There is a sample of his essays online along with entire books. From The Spirit of the Age, the chapter on William Gifford, editor of the Quarterly Review:

Mr. Gifford, in short, is possessed of that sort of learning which is likely to result from an over-anxious desire to supply the want of the first rudiments of education: that sort of wit which is the offspring of ill-humour or bodily pain: that sort of sense which arises from a spirit of contradiction and a disposition to cavil at and dispute the opinions of others: and that sort of reputation which is the consequence of bowing to established authority and ministerial influence. He dedicates to some great man, and receives his compliments in return. He appeals to some great name, and the Undergraduates of the two Universities look up to him as an oracle of wisdom. He throws the weight of his verbal criticism and puny discoveries in black-letter reading into the gap, that is supposed to be making in the Constitution by Whig’s and Radicals, whom he qualifies without mercy as dunces and miscreants, and so entitles himself to the protection of the Church and State. The character of his mind is an utter want of independence and magnanimity in all that he attempts. He cannot go alone; he must have crutches, a go-cart and trammels, or he is timid, fretful and helpless as a child. He cannot conceive of anything different from what he finds it, and hates those who pretend to a greater reach of intellect or boldness of spirit than himself. He inclines, by a natural and deliberate bias, to the traditional in laws and government, to the orthodox in religion, to the safe in opinion, to the trite in imagination, to the technical in style, to whatever implies a surrender of individual judgment into the hands of authority and a subjection of individual feeling to mechanic rules.

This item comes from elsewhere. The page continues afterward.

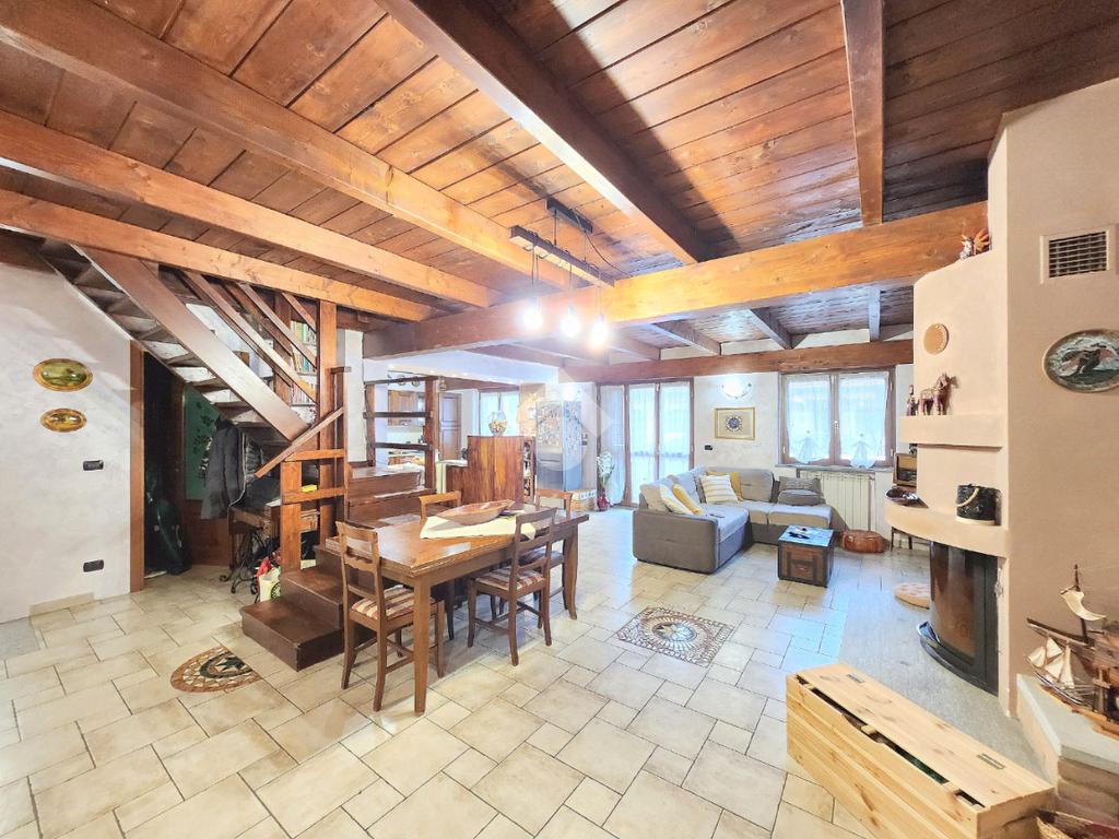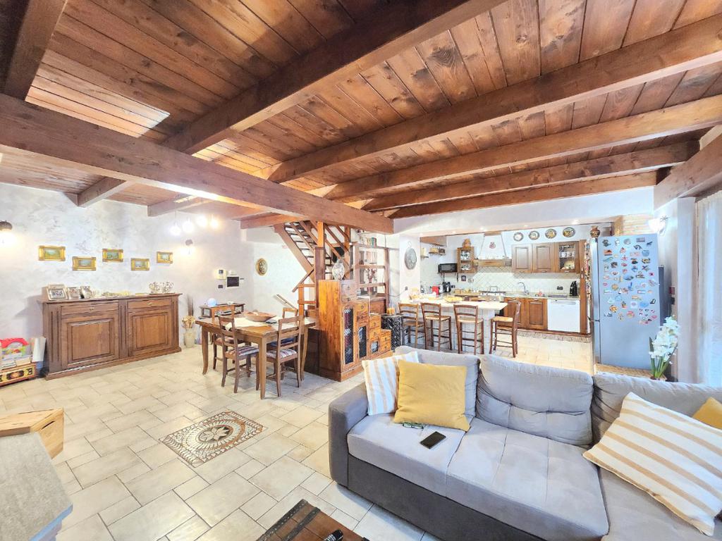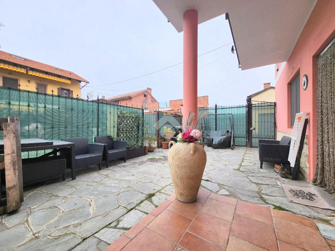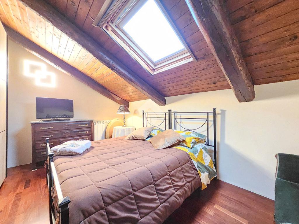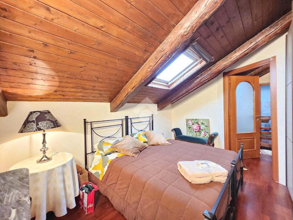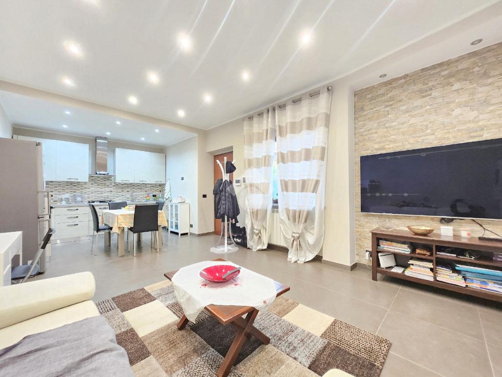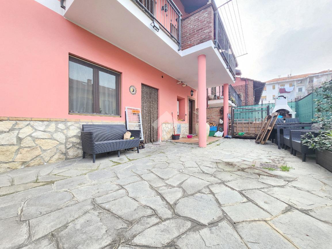La zona giorno dell'appartamento più grande si presenta ampia e particolarmente luminosa. Il camino a legna è posato esattamente a metà dei circa 70 metri che occupano il salone che ospita la cucina abitabile a vista. Indubbiamente valorizzata dalle travi a vista che rifiniscono il piano, la zona giorno possiede l'accesso al terrazzino. La cucina in muratura è angolare e, la penisola ospita comodamente 5 posti a sedere. Adiacente ad essa è presente il primo dei 3 bagni che troviamo all'interno del fabbricato. Arricchito dalla doccia multifunzionale, quest'ultimo possiede la ventilazione forzata. Al centro del salone è stata posata la scala in legno a vista che consente di raggiungere il piano notte. Accolti dall'ampio disimpegno, il piano notte ospita 3 camere da letto e possiede una pavimentazione legnosa in ogni locale al di fuori del bagno. Oltre alle 3 camere da letto, sul piano è presente un grande ripostiglio, volendo utilizzabile come studio. Il bagno della zona notte è finestrato ed ospita la vasca idromassaggio, esattamente sotto il velux. L'appartamento più piccolo è al piano terreno e, non possiede nessuna barriera architettonica. L'accesso dalla porta blindata avviene direttamente sul grande soggiorno living con la cucina lineare a vista. Tutta la sua illuminazione è garantita dai faretti incassati nella controffittatura. Attraverso la comoda porta scrigno, è possibile raggiungere il disimpegno che funge anche da antibagno. Una seconda porta scrigno consente di accedere alla capiente camera da letto matrimoniale. Il terzo bagno, quello del piano terreno, è valorizzato dalla doccia con box in cristallo. Il cortile privato, antistante al fabbricato, possiede un accesso pedonale ed uno carraio che consente l'accesso alle auto. Tutta la struttura è stata oggetto di una completa ristrutturazione, dal piano terra al tetto, impianti compresi. Posizionato nella zona più centrale di alpignano, consente di raggiungere ogni servizio a piedi, mezzi pubblici compresi.

Hazlitt. Bucket list. Really.

Comments

  1. says

    Yes, I have been meaning to check out Hazlitt since seeing him mentioned in one of the best mysteries of all time, Michael Gilbert’s Smallbone Deceased. (All of Gilbert is good to excellent, but this one is the standout.)

    One of the chapter epigraphs is this bit from The Plain Speaker:

    Cloud rolls over cloud: one train of thought suggests and is driven away by another: theory after theory is spun out of the bowels of his brain, not like the spider’s web, compact and round — a citadel and a snare, built for mischief and for use, but like the gossamer … flitting in the idle air and glittering only in the ray of fancy.

  2. sailor1031 says

    Ophelia: Thankyou for bringing this to my attention – it has been too, too long since I read his essays. Definitely bucket list.

  3. Torquil MacNeil says

    Hazlitt was an excellent stylist, but he could still be an arse. Notice that the first sentence of that extract on Gifford is just a snobbish dig at his working class background and consequent lack of a ‘proper’ education. Oh those nasty autodidacts, so chippy, so desperate to prove how clever they are! Not worth the attention of people like us! In England religion may cause many problems but it is snobbery that poisons everything.

  4. says

    Oh, Torquil, don’t be such a prat. You must know that Hazlitt wasn’t actually a snob and that he wasn’t posh himself. He was talking about education, not class. (If he’d been a snob would he have been a friend to Keats, and would Keats have loved him? No and no.) It was Gifford who was the snob, not Hazlitt. It was the Quarterly that looked down on the vulgar Cockney poets like Keats, not Hazlitt. That’s why Hazlitt was so hard on him. Don’t be so tiresome.

  5. says

    Maureen – heh – no, not really. More like the other way around, I think – contemporary Giffords remind me of those of Hazlitt’s day.

    It was great meeting you last weekend!

  6. Torquil MacNeil says

    You may need to be Engkish to hear it clearly Ophelia, but Hazlitt is saying very clearly that Gifford comes from below the salt. Hazlitt came from a social rank well above Gifford. Even today, these two social classes are very unlikely to mix in the Uk. I don’t mean that Hazlitt was an out and out snob, but he wasn’t immune to the poison and could be a terrible arse, as in this instance.